G70, G71, R520, R580 die size discrepancy

{Sniping}Waste said:
What a sad place. Talk about ppl soaking up PR garbage and the few that see it for what it is are ignored.

I am just measuring photos and referencing from one photo to another. Not the most accurate approach since the errors could add up. Even a conservative approx still yield 220mm^2. G73 is much easier since Samsung chips (11mmx14mm) is nearby, so it can't be 125mm^2 either.

Someone with a 7800GT card could give a more accurate reference to determine G71
die size.

Ppl just like to debate or speculate. I have given up on trying to get a more accurate
measurement since I don't have any Nvidia or PCI-E card for dimension reference.

A few more days, the truth will be out.
 
{Sniping}Waste said:
What a sad place. Talk about ppl soaking up PR garbage and the few that see it for what it is are ignored.

Just one of several sad places. B3D is an oasis in the desert.
 
That die pic gave me a giggle. I tend to think it's tilted and part of the package cut off specifically to make it harder to measure.

But really, we have an official NV slide "Nvidia Corporation Do Not Distribute" that says 196mm2 --I don't see any reason to question that.
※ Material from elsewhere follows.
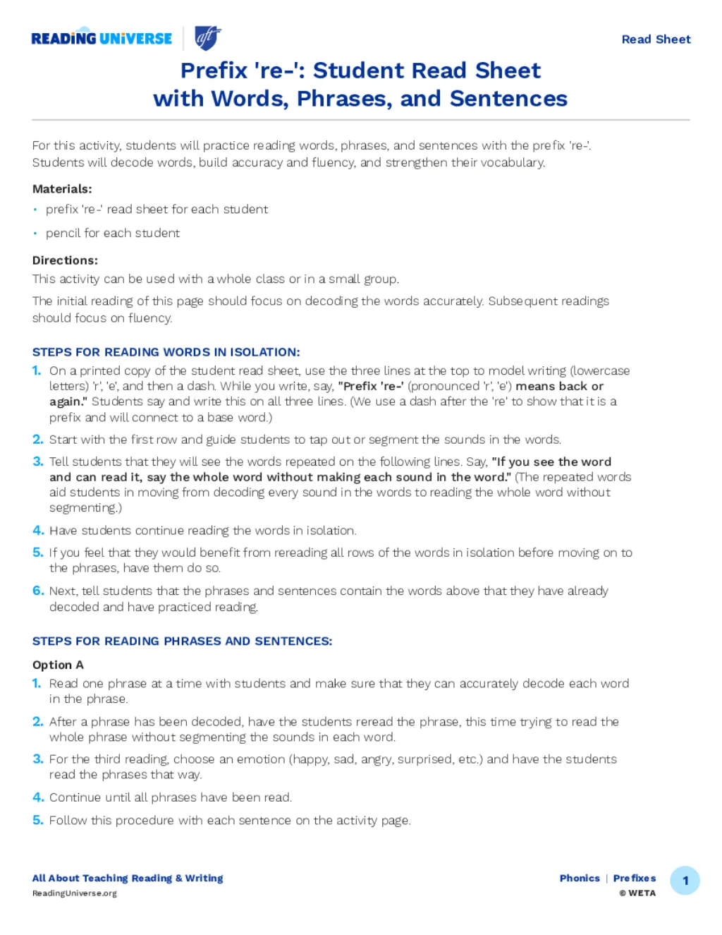 Prefix ‘re-’: Student Read Sheet with Words, Phrases and Sentences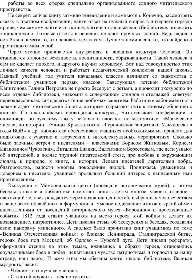 Через чтение прививается внутренняя и внешняя культура человека. Он становится эталоном вежливости, воспитанности, образованности. Такой человек и сам не сделает плохого, и другого научит хорошему. Вот над совокупностью этих личных качеств человека и работает педагогический коллектив нашей школы. Каждый учебный год учителя начальных классов начинают со знакомства с библиотекой учащихся первых классов. Заведующая детской библиотекой Капитонова Галина Петровна не просто беседует с детьми, а проводит экскурсию по всем отделам библиотеки, знакомит с содержанием стендов и стеллажей, советует первоклассникам, как сделать чтение любимым занятием. Работники «абонементного зала» выдают читательские билеты, которые открывают путь к живому общению с книгой. Со школьниками проводятся конкурсы, читательские конференции и олимпиады по русскому языку: «Слово о словах», по математике: «Магические числа», по истории: «Улицы Крылатского», «Героические защитники Ульяновска в годы ВОВ» и др. Библиотека обеспечивает учащихся необходимым материалом для подготовки к участию в творческих и интеллектуальных мероприятиях. Сколько было заочных встреч с писателями – классиками: Борисом Житковым, Корнеем Ивановичем Чуковским, Виталием Бианки, Валентином Берестовым, где дети узнают об интересной, а подчас трудной писательской стезе, про любовь к окружающим людям, к природе, к книге, к истории. Делали писателей дарителями добра, благородства, радости многим поколениям людей. Проникаясь уважением и доверием к писателю, учащиеся проявляют больший интерес к написанным ими произведениям.

At least not yet. Quick fiddling with the calculator suggest 13.5w X 14.5h (since it looks longer than wider).
 
Last edited by a moderator:
{Sniping}Waste said:
The pic you have there could be a G73 and not a G71. It looks about the right size for a G73.

That per Sunrise and others is a G73. However, compare that to the 8 Samsung
GDDR3. Both are about the same. GDDR3 is 11x14mm which is 154mm^2.

G73 per Nvidia slide is 125mm^2.
 
Jawed said:
Well you could turn that argument around and say that ATI has fucked-up by making R580 so huge.
Well, I think the majority of the die size increase of the R580 over the G7x is in one form of cache or another (in the register file, or in I/O cache, or buffers between units, etc.). And ATI does obviously benefit from having more cache on the die, with better AA performance and better dynamic branching performance (both of which require more on-die storage).

But seriously fucked up? Well, we'll have to see. It might just be that ATI jumped the gun on adding in that extra on-die storage. That's not necessarily such a bad thing: it gives them a step up on implementing similar tech for their next architecture, even if it does cost money in the short term.

I think of real importance for ATI's bottom line will be how the G71 fares in AA benchmarks. Oblivion will likely be quite important as a benchmark among many people as well (especially given the timing of release).
 
geo said:
Quick fiddling with the calculator suggest 13.5w X 14.5h (since it looks longer than wider).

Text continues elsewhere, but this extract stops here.